Les micros ont une impédance de sortie d’environ 150Ω. Les pré-amplis tournent autour de 1100Ω. Pour les liaisons ligne, l’impédance de sortie est de quelques centaines d’ohms et l’impédance de charge peut monter jusqu’à 30kΩ.

 

Voilà ! J’espère que mes explications sont assez claires !
N’hésitez pas à poser des questions et à bientôt avec de nouveaux articles !

6 réflexions au sujet de « Liaisons symétriques et asymétriques – Adaptation d’impédance »

  1. j’ai trouvé la meilleure explication que je n’ai jamais eu.
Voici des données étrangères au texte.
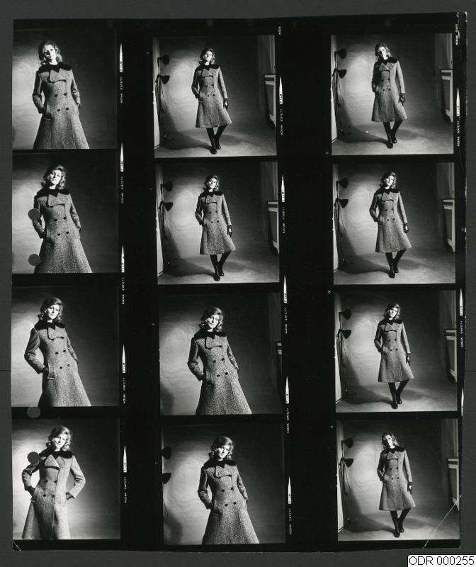 Modell i studio. Kvinna i kappa.
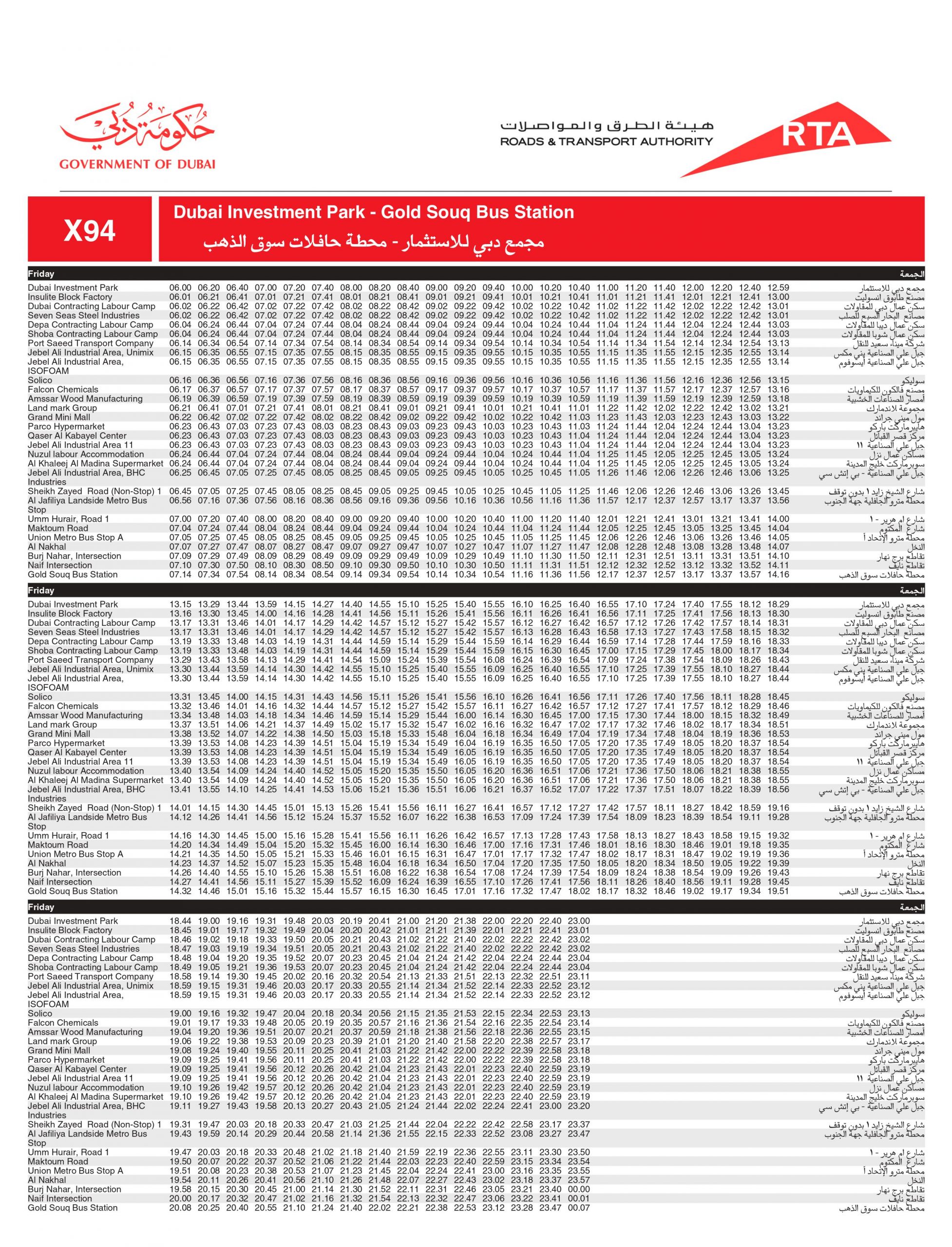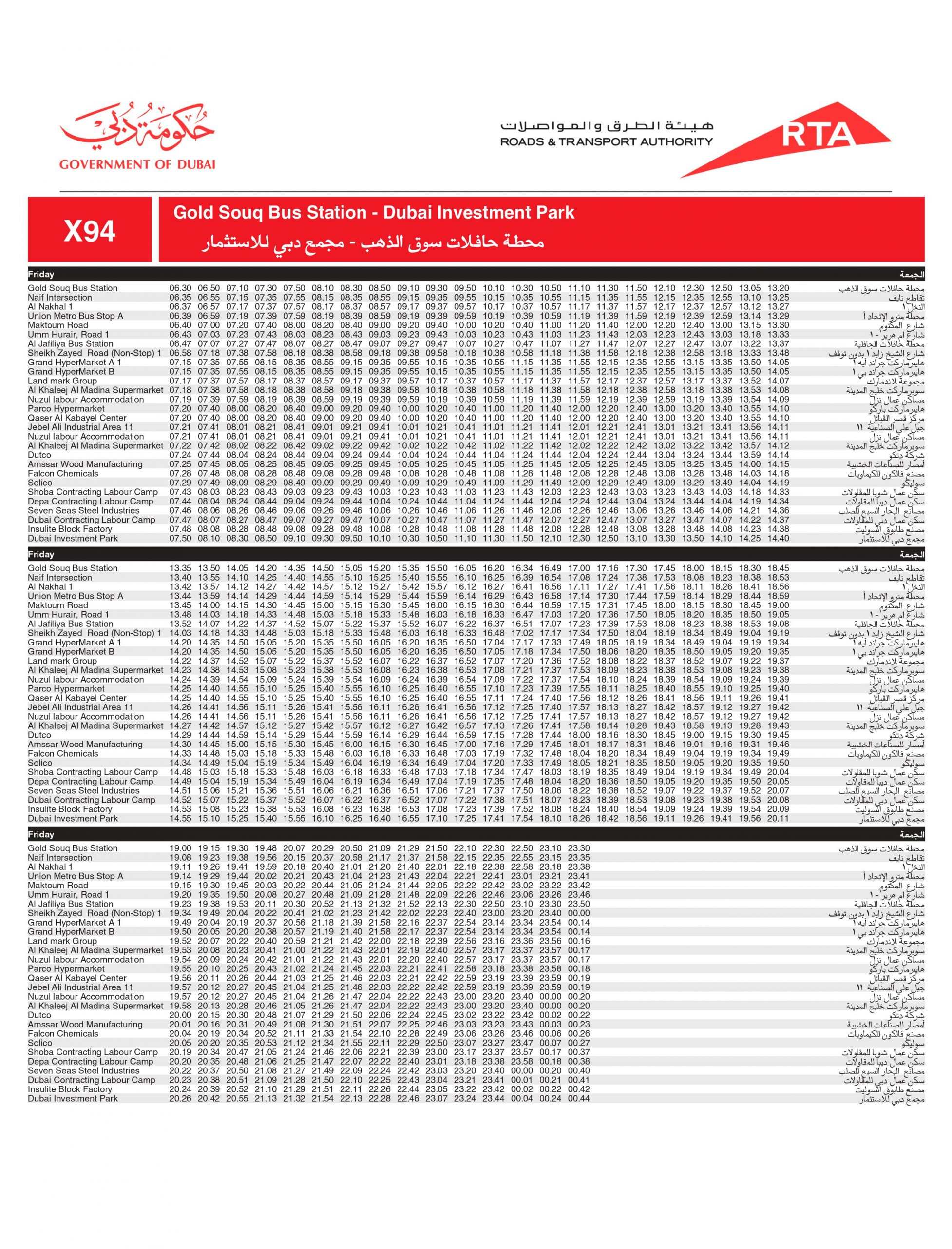 - The X94 bus route has 17 stations from Gold Souq to Dubai Investment Park and 16 stations in the reverse direction.

Plus limpide que ton explication n’existe pas. Merci beaucoup, j’espère recevoir des explications de ce genre tout le temps.

  2. Vraiment super clair, bravo pour cette prouesse pédagogique!
    Juste une question: si je vous suis bien, l’impédance est une résistance à une fréquence du signal donnée. Ainsi, je vous cite:  » A priori, sur la bande de fréquence audible (20Hz-20kHz), l’impédance se doit d’être constante ». Est-ce que cela explique pourquoi les spécifications matérielles sur le matos audio n’indiquent qu’un chiffre d’impédance (4ohms par exemple etc….)? En d’autres termes, les fabriquants considérent-ils que, l’impédance étant la même sur toute la bande des fréquences audibles, il n’est pas utile de spécifier ses variations au-delà de cette bande de fréquence puisque cela ne sera pas entendu par l’utilisateur?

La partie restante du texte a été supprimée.